CruelSummerLord wrote:
...If you're wondering why I depict Keoland as the military whipping boy of the large Flanaess kingdoms, I'm just building on the LGG's description of all the wars Keoland's lost over the centuries. Keep in mind this is the country that lost a land war to the Sea Princes.

Once more. They. Lost. A Land War. TO. THE. SEA PRINCES.

The Sea Princes are second to none in naval power, but their land forces have historically been some of the weakest in the Flanaess. Those same land forces took Keoland-under the personal leadership of Tavish III, no less-out to the woodshed in 70 minutes.

That's why it's a running gag in my Canonfire writings. Even Weimar Glendowyr, who's a veteran of the Royal Keoish Army himself, jokes about it...but he's the only one allowed to make fun of it.

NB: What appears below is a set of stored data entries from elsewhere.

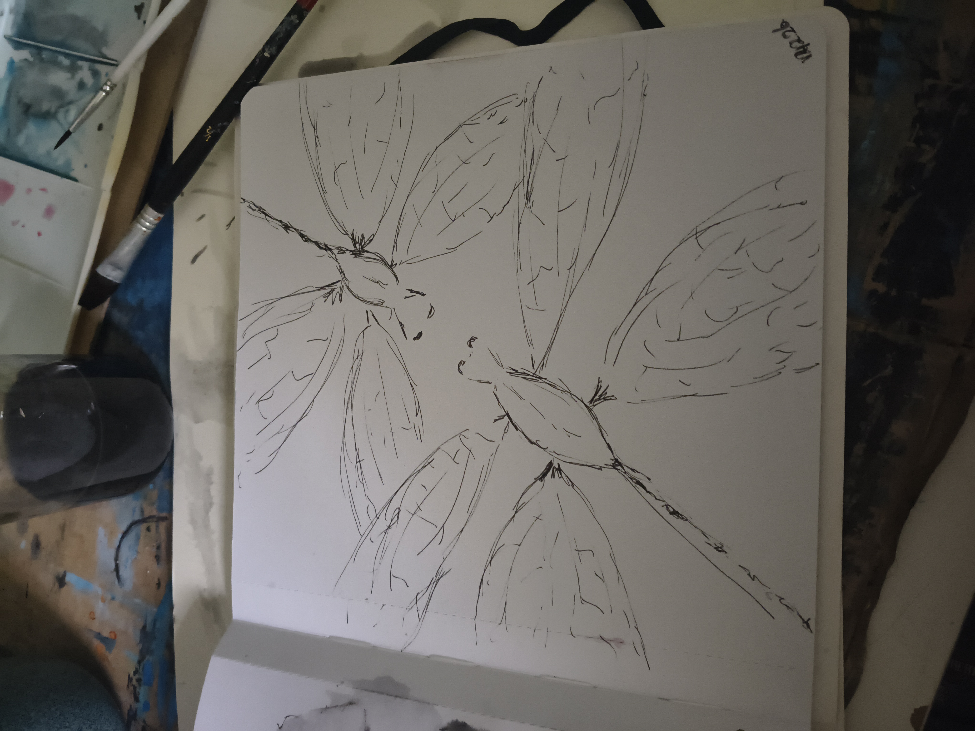 What can I say, she said that black and white is nice, but that I should work with more colours, and then she gave the example of a crying clown. I'm not a fan of clowns at all, so I mentioned that, but I made it anyway because, after all, you have to try things you don't like sometimes... Not that I've never done that before in my life, haha. I have no idea if she thinks clowns are the most colourful thing in a person's life, but I don't like clowns and there are many other people who feel the same way, and I understand that even the Clinic clowns aren't really as appreciated as people make out. Fortunately, that scary Ronald McDonald clown has also disappeared. I added the Libelle because I was actually trying to do Libelle, so I think I just said, 'Let's put it on top, then I'll do them after all.
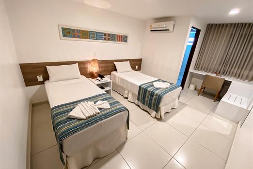 Standard duplo Twin - 2(duas) camas de solteiro (0,88 x 1,98) **Wi-Fi; Frigobar; Enxoval; Cofre digital; Ar-condicionado Split; TV LED 43”;...
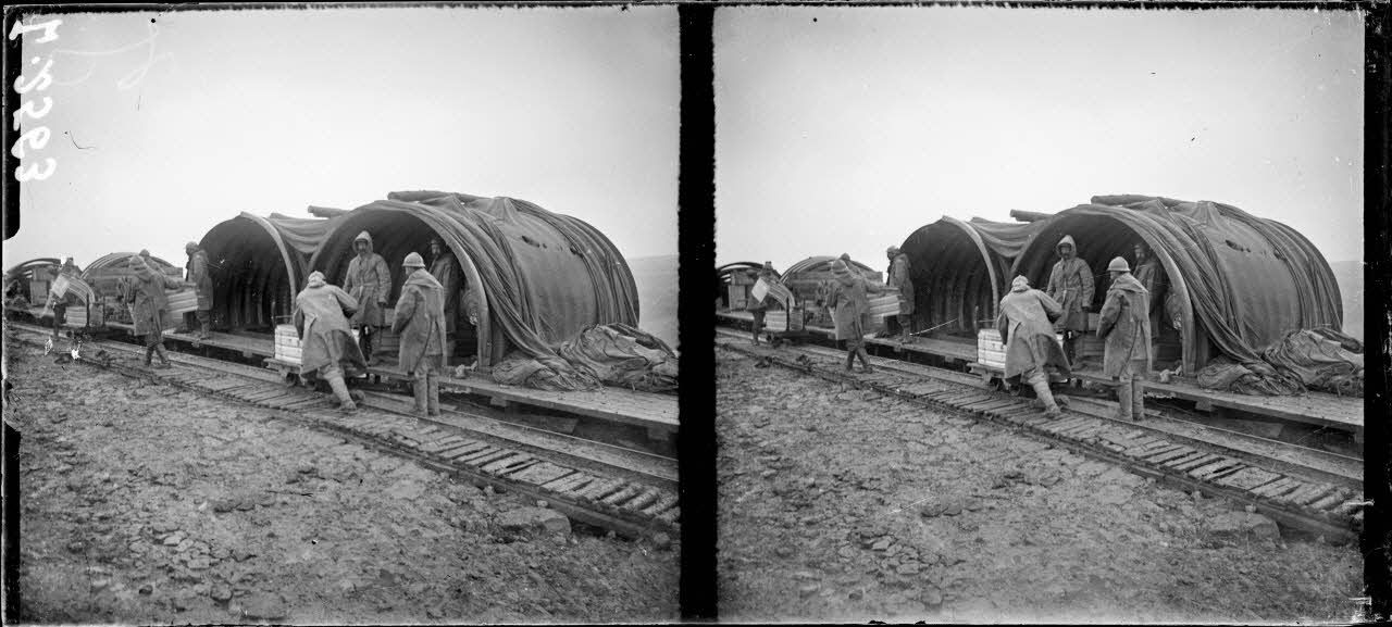 Fort de Douaumont. Wagonnets pour les tavaux de réfection des abords du fort.

-The Siege of Westkeep could also be considered an isolated incident. Wink

In the 570s, Keolandish commanders seem to have been respected, at least as tacticians:

"Nyrond above all else has a flexible field army and fleet... it has grown under the leadership of some of the best tacticians this side of Keoland." (Kuntz, "Sorcerer's Scroll", Dragon Magazine #65: pp. 11-12; p. 12).

Maybe they're like the Germans: Good soldiers, great tactical and operational commanders, awful strategists, logisticians, and diplomats. Wink All of that would explain the Siege of Westkeep.